The victim, who was wearing a Help for Heroes military charity T-shirt, was aged around 20, and had reportedly been on duty at an Army recruitment office in central London and was heading back to the barracks.
'It is you versus many, you are going to lose'
A mother-of-two told how she put her life on the line by trying to persuade the extremists to hand over their weapons.
Ingrid Loyau-Kennett, a Cub Scout leader, talked to the killers and kept her nerve as one of them told her: "We want to start a war in London tonight."
Loyau-Kennett, 48, from Cornwall, was one of the first people on the scene.
She was on a bus which was travelling past and jumped off to check the soldier's pulse. "I have my first aid ... I thought it was an accident. Then I saw the guy was dead ... And then when I went up there was this black guy with a revolver and a kitchen knife.

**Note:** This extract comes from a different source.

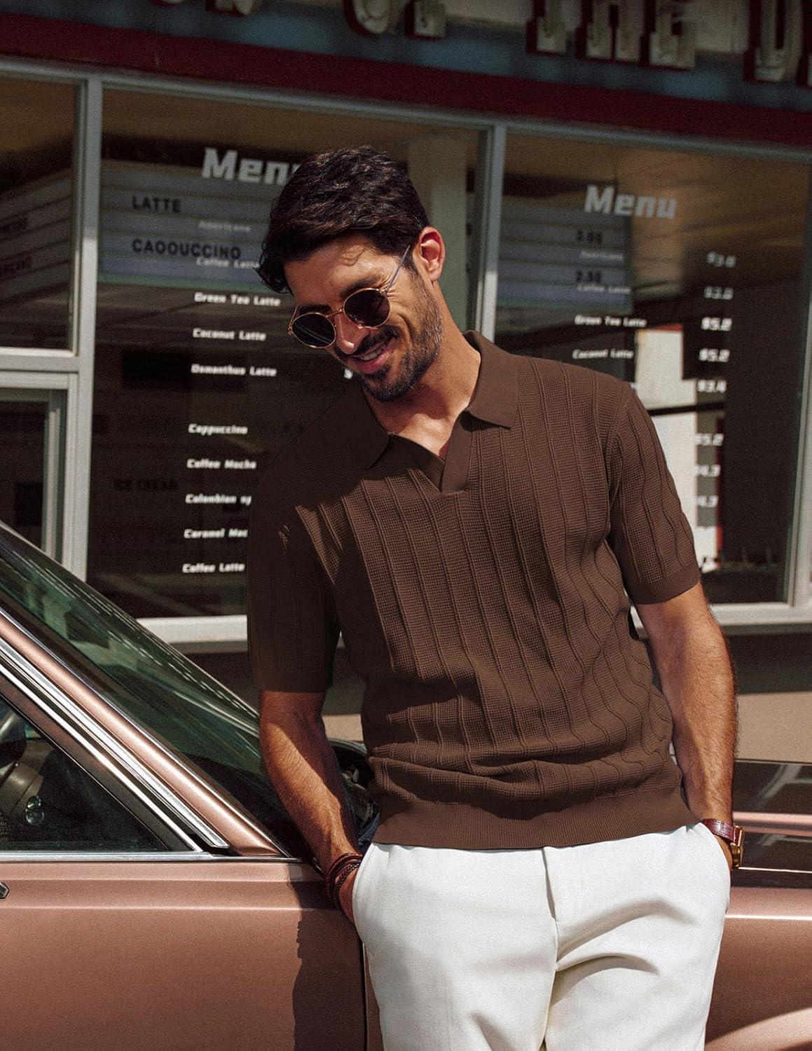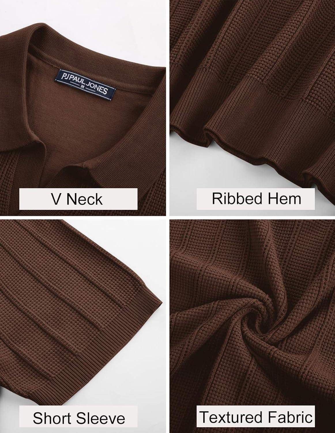 PJ PAUL JONES Mens Polo Shirts V-Neck Knit Polo Textured Summer Shirts(Coffee)

"He had what looked like butcher's tools and he had a little axe, to cut the bones, and two large knives and he said: 'Move off the body.' ... He was covered with blood. I thought I had better start talking to him before he starts attacking somebody else ...
"I asked him if he did it and he said yes and I said why? And he said because he has killed Muslim people in Muslim countries.
"He said [the victim] was a soldier ... 'I killed him because he killed Muslims and I am fed up with people killing Muslims in Afghanistan.'
"He was not high ... he was not ... drunk. He was just distressed, upset. He was in full control of his decisions ... I said: 'Right, now it is only you versus many people, you are going to lose, what would you like to do?' He said: 'I would like to stay and fight'."
Loyau-Kennett then talked to the man in the light coat. "I said: 'Would you like to give me what you have in your hands?' I did not want to say weapons but I thought it was better having them aimed on one person like me rather than everybody there."
Other people shielded the soldier's body as the killers stood over them. Joe Tallant, 20, said a friend and her mother went over to help the soldier.
"Her mother was so brave, she didn't care what happened to her. She knelt by his side and comforted him. She held his hand and put her other hand on his chest. I think she might have been praying."